Mohon tunggu...
KOMENTAR
Politik

SBY Menolak Kenaikan Harga BBM dan SBY Pula Yang Nanti Pergi Tanpa Meninggalkan Uang Yang Cukup Untuk Kita Rakyatnya, Why Mr. President?

30 Agustus 2014   18:19 Diperbarui: 30 April 2016   16:29 382 0

Hal yang terburuk didalam suatu Negara jika seorang Presiden “Buruk” didalam kebijakannya oleh karena kepentingan pencitraan politik. Dan pencitraan politik ini terjadi ketika Presiden hendak mengakhiri masa jabatannya. Pencitraan itu dapat kita lihat dari upaya SBY untuk tidak menaikkan Harga BBM dengan alasan di masa pemerintahannya, SBY sudah terlanjur menaikkan harga gas elpiji serta tarif dasar listrik. Sehingga bila harga BBM pun dinaikkan, SBY merasa tak enak karena akan makin menyengsarakan rakyat.
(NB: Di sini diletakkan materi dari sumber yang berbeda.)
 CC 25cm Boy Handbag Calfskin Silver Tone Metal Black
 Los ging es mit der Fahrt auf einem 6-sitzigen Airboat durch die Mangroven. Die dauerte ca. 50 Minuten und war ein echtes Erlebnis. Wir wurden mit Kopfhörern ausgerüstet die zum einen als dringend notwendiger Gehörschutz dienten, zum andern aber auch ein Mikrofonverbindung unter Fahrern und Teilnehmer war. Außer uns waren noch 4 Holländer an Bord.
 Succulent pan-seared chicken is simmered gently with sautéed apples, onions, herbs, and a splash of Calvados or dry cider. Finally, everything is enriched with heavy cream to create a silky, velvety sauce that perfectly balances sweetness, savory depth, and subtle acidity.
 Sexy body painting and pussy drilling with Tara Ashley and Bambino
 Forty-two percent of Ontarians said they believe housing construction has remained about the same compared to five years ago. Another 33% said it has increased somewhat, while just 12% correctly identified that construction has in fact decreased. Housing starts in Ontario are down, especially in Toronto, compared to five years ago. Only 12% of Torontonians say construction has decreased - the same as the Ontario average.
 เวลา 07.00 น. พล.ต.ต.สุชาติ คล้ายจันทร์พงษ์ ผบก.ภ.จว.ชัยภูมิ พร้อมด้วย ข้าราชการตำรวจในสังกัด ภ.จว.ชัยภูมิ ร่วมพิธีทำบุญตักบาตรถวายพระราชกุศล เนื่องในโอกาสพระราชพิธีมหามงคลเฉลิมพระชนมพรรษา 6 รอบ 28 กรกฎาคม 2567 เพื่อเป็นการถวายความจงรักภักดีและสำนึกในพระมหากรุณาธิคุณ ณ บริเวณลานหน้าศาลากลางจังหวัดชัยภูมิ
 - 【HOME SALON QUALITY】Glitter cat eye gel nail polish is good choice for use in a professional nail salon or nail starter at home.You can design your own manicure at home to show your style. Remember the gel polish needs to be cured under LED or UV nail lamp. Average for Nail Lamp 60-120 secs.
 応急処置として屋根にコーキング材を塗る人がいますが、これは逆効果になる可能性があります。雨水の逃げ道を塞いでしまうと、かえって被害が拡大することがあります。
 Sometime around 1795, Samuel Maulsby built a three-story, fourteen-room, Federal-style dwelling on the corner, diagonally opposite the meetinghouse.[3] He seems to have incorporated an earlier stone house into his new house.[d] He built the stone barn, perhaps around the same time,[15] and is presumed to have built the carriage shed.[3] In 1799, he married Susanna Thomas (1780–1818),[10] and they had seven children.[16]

Didalam Ilmu Komunikasi maka pendapat SBY yang menyatakan “jika menaikkan harga bbm dia merasa tak enak karena menyengsarakan rakyat,” merupakan upaya dari SBY membentuk Opini Publik secara nasional bahwa SBY Pro Rakyat. Disinilah Pencitraan itu dimulai, ketika SBY secara sadar mengetahui bahwa Opini Publik dari masyarakat yang Kontra dengan Kenaikan Harga BBM dapat menyelamatkan dirinya dari dosa masa lalunya tentang BBM, dan lain-lain. Pencitraan SBY ini dapat dibuktikan melalui teori Machiavelli yang menyatakan bahwa Sang penguasa dapat memanfaatkan patriotisme sebagai kedok untuk menutupi tindakan politis yang kontroversial menjadi seolah-olah tindakan untuk menyelamatkan eksistensi Negara (Sang Penguasa, 1991:40).

Berdasarkan uraian diatas bahwaPencitraan Machiavelli Yang dilakoni SBY , seolah hanya menjadi sebuah upaya bagaimana “pornografi” itu kemudian bisa tampak sebagai sebuah “karya seni” yang indah, padahal itu adalah boomerang bagi si penggunanya nantinya.

Yang dituntut dari SBY ialah seharusnya SBY sadar atas postur RAPBN 2015 nantinya dapat menyulitkan rakyatnya. SBY dituntut juga agar tidak melakukan pencitraan diakhir masa jabatan dan tidak memasang ranjau untuk Pemerintahan Baru Jokowi JK melalui RAPBN 2015.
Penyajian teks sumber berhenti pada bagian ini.